2. The data comparison method of claim 1, wherein the hash tree is a prime number based hash tree.

3. The method of claim 2, wherein the trial insertion process comprises:

carrying out Hash operation on the keywords of the Hash nodes to obtain random numbers, and entering a position searching step;

the position searching step is that the node position corresponding to the hash node is determined according to the random number and the prime number corresponding to the current searching layer in the hash tree;

inserting the hash node into the node location when the node location is unoccupied;

when the node position is occupied, if the node of the node position is matched with the hash node, determining that the node matched with the hash node exists in the hash tree; and if the node at the node position is not matched with the Hash node, updating the current search layer according to a preset rule, and entering the position search step.

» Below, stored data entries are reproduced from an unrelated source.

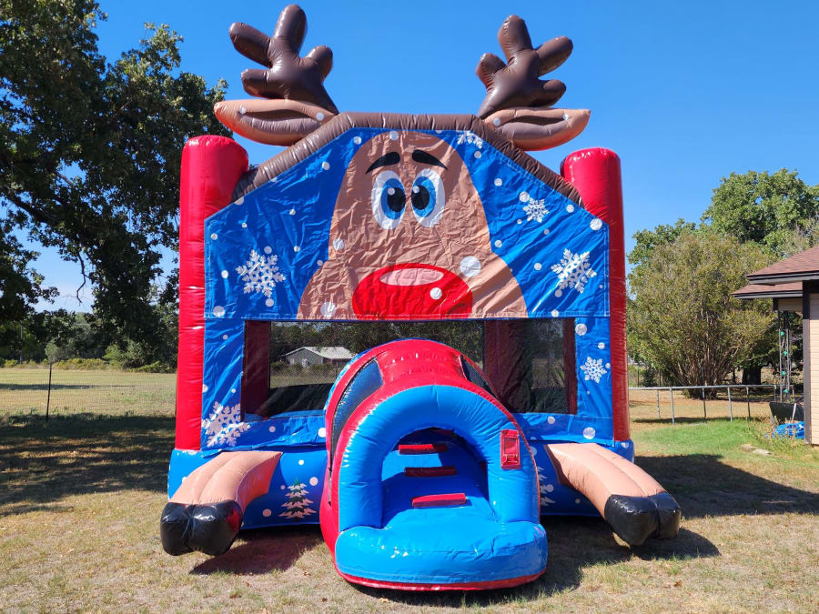 Christmas wouldn’t happen without Santa’s reindeer—and now you can have one at your party! The Reindeer Bounce House is a super-sized inflatable with a cheerful red-nose reindeer theme that’s colorful, fun, and packed with Christmas spirit.
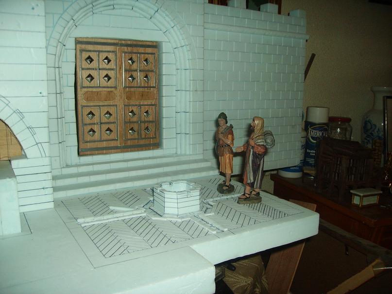 Bueno, pues os dejo fotos de como va la reforma, en este caso la nueva construcción, la sinagoga. He hecho una especie de terraza sobre la fuente, donde pondré a los sabios discutiendo, y sobre la puerta principal he habierto un gran ventanal con arcos y columnas. Espero que os guste, y como siempre espero vuestros comentarios.
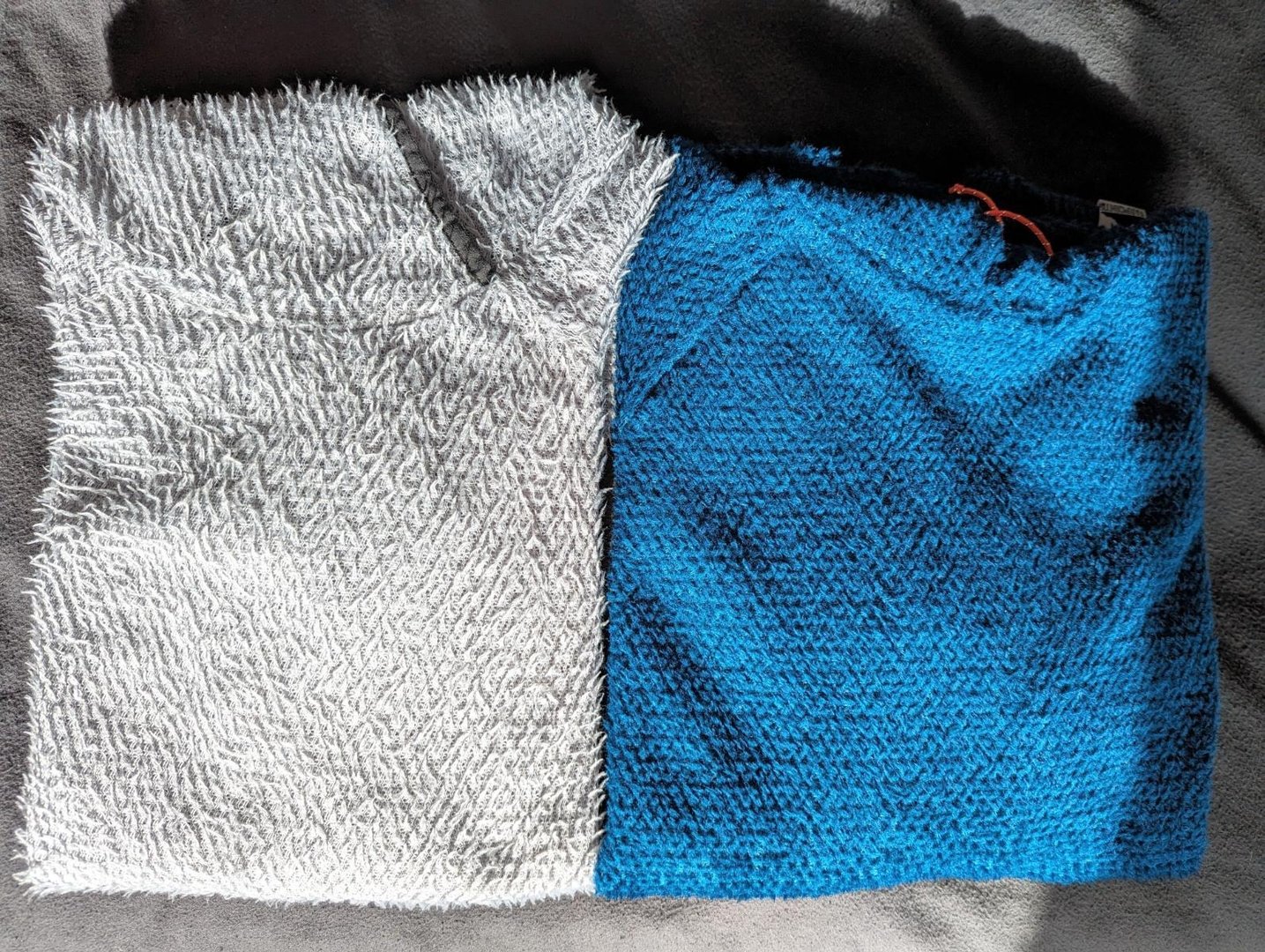 Beim Stoff erkennt man den Unterschied ziemlich eindeutig. Beide Pullis haben das gleiche Gitter, an dem diese Fusseln hängen. Aber die 90gsm vom FarPointe sind viel dichter als die 60gsm vom Nahleko. Das sieht man, weil auf der gleichen Fläche einfach deutlich mehr dieser Fusseln sind. Wie viel Unterschied das beim Wärmeerhalt spielt, kann ich nicht beurteilen. Wie weiter oben geschrieben, hatte ich nicht das Gefühl, dass die 90gsm mehr Wärme speichern, als die 60gsm. Vielleicht erkennt man den Unterschied der beiden Stoffe auf dem nächsten Bild...

4. The method of claim 2, wherein the prime number sequences used to construct the hash tree are 3, 5, 7, 11, 13, 17, 19, 23, 29.

5. A server, comprising:

at least one processor; and the number of the first and second groups,

a memory communicatively coupled to the at least one processor; wherein the content of the first and second substances,

the memory stores instructions executable by the at least one processor to enable the at least one processor to perform the data alignment method of any one of claims 1 to 4.

6. A computer-readable storage medium storing a computer program, wherein the computer program is configured to implement the data matching method according to any one of claims 1 to 4 when executed by a processor.